Validated Hypotheses
H1: The n+1 Point Property Holds at λ=0
Statement: At zero regularisation, the optimal hyperplane in n-dimensional p-adic regression passes through at least n+1 points.
Status: VALIDATED (2025-12-01)
Evidence: All 1D experiments at λ=0 show 2 or more exact fits. Extended to 2D: 15/15 datasets show k(0) ≥ 3.
H2: Strong Regularisation Reduces Exact Fits
Statement: As λ→∞, the number of exactly-fitted points decreases toward 1.
Status: VALIDATED (2025-12-01)
Evidence: Experiments show transition from 2-3 exact fits at λ=0 to 1 exact fit at large λ.
H3: Discrete Phase Transitions
Statement: The function k(λ) giving the number of exactly-fitted points is a step function with finitely many discontinuities.
Status: VALIDATED (2025-12-02)
Evidence: All experiments show discrete jumps in k(λ). Threshold formula derived: λ* = (L₂ - L₁) / (b₁² - b₂²).
H4: Threshold Depends on Data Geometry
Statement: The critical λ values depend on the p-adic distances between data points and their geometric configuration.
Status: VALIDATED (2025-12-02)
Evidence: Different datasets show different threshold values. Also depends on the choice of prime p.
H6: Monotonic Decrease in k(λ)
Statement: The number of exact fits k(λ) is monotonically non-increasing in λ.
Status: VALIDATED (2025-12-02)
Evidence: 30/30 random 1D datasets and 15/15 random 2D datasets show monotonic k(λ). No counterexamples found.
H8: Higher-Dimensional Generalization
Statement: In n dimensions with regularisation, the optimal hyperplane passes through k points where 1 ≤ k ≤ n+1, with k depending on λ.
Status: VALIDATED for n=2 (2025-12-02)
Evidence: 2D experiments confirm: k(0) ≥ 3, k monotonically decreases with λ, discrete thresholds exist.

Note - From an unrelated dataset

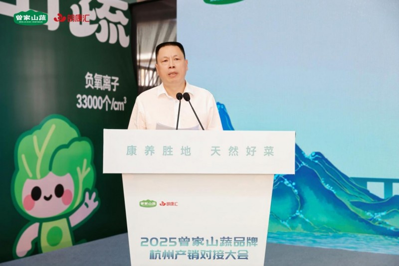 8月22日,由广元市朝天区人民政府主办,朝天区农业农村局承办,明康汇生态农业集团有限公司、杭州蔬菜有限公司协办的“曾家山蔬品牌杭州产销对接会”在杭州勾庄批发市场隆重举行。本次活动以“康养胜地 天然好菜”为主题,旨在进一步深化东西部协作成果,推动“曾家山蔬”区域公用品牌走进长三角市场,助力乡村振兴。来自政府、企业、采购商及媒体的近60位嘉宾共同见证了此次盛会。

Active Hypotheses (Under Investigation)
H5: p-Adic Regularisation Prefers High-Valuation Coefficients
Statement: When using p-adic regularisation (penalty = |β|p), the optimal coefficients tend to have high p-adic valuations (divisible by higher powers of p).
Status: UNDER INVESTIGATION
Evidence: Preliminary experiment shows different optimal slopes for p-adic vs real L2 regularisation.
H7: Generalized Base r Interpolation
Statement: Using r-v(t) instead of p-v(t):
- As r→1: Solution approaches binary (nearest neighbor) selection
- As r→∞: Solution approaches minimax (minimize maximum residual)
Status: PROPOSED
H9: Prime Dependence Structure
Statement: The number and location of thresholds depend systematically on the choice of prime p.
Status: UNDER INVESTIGATION
Evidence: For the same dataset, p=2 gives 1 threshold while p=3,5,7 give 2 thresholds at different locations.
Proposed Hypotheses (To Be Tested)
H10: Threshold Count Upper Bound
Statement: For a dataset of m points in n dimensions, the number of thresholds is at most C(m, n+1) - 1.
Rationale: There are C(m, n+1) ways to choose n+1 points to determine a hyperplane. Each threshold corresponds to a switch between candidate hyperplanes.
H11: Universal Threshold at Strong Regularisation
Statement: For sufficiently large λ, the optimal solution is always the horizontal hyperplane through the "p-adic median" of the y-values.
Rationale: When slopes are too expensive, the intercept-only solution minimizes the data loss.
Invalidated Hypotheses
None yet.